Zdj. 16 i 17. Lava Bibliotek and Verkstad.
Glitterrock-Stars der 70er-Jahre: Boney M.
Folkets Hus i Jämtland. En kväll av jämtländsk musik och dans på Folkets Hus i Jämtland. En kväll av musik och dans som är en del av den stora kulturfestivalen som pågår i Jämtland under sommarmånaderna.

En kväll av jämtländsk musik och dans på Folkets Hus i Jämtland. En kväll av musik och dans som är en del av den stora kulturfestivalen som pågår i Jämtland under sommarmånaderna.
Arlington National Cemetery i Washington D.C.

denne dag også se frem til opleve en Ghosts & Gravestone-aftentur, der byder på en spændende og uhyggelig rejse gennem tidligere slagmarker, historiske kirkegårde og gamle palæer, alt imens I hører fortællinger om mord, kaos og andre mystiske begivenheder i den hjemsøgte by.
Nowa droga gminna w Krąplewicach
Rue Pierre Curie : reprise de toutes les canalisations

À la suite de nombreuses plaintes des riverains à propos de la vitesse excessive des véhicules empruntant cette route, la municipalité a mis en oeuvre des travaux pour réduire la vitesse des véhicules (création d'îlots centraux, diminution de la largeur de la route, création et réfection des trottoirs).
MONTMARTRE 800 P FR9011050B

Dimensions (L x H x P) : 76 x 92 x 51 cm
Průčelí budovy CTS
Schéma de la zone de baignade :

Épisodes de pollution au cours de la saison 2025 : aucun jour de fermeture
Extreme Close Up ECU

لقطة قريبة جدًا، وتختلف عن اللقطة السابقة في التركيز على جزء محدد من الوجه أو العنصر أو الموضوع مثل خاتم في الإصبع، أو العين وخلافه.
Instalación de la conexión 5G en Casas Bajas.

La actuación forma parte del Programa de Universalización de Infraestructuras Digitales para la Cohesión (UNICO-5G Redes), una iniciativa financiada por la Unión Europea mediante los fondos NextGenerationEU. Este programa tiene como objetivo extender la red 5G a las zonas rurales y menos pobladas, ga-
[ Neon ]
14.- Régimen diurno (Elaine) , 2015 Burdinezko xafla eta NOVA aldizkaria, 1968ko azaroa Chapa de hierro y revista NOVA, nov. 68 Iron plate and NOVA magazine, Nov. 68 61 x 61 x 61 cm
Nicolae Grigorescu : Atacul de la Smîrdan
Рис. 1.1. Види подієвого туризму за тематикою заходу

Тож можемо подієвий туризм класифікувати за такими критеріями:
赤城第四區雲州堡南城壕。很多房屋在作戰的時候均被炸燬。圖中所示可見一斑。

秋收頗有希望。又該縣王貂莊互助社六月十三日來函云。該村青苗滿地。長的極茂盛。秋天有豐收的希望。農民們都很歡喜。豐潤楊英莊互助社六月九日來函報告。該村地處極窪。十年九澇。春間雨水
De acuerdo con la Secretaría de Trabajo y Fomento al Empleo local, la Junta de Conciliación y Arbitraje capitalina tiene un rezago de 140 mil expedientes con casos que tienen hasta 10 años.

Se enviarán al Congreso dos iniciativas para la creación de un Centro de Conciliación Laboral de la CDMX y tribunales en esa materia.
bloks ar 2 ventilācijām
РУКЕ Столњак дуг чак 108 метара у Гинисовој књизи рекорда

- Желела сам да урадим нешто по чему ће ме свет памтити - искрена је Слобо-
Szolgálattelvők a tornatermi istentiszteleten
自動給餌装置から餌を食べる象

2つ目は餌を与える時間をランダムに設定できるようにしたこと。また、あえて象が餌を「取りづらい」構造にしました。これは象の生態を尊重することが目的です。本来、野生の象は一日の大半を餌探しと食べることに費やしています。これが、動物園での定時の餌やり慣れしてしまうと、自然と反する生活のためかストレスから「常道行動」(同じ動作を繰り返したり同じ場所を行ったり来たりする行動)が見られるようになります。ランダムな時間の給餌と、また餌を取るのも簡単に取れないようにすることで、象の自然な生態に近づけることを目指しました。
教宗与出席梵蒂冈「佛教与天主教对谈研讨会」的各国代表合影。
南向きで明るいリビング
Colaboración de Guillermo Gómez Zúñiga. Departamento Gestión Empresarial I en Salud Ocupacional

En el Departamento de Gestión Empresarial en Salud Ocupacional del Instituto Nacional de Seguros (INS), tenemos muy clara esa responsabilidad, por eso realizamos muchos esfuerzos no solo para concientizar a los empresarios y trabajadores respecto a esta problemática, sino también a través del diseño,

* * * * * * * * *

Each line above that contains the string "Salud" should be identified and copied.

Problem solution:
Colaboración de Guillermo Gómez Zúñiga. Departamento Gestión Empresarial I en Salud Ocupacional
En el Departamento de Gestión Empresarial en Salud Ocupacional del Instituto Nacional de Seguros (INS), tenemos muy clara esa responsabilidad, por eso realizamos muchos esfuerzos no solo para concientizar a los empresarios y trabajadores respecto a esta problemática, sino también a través del diseño,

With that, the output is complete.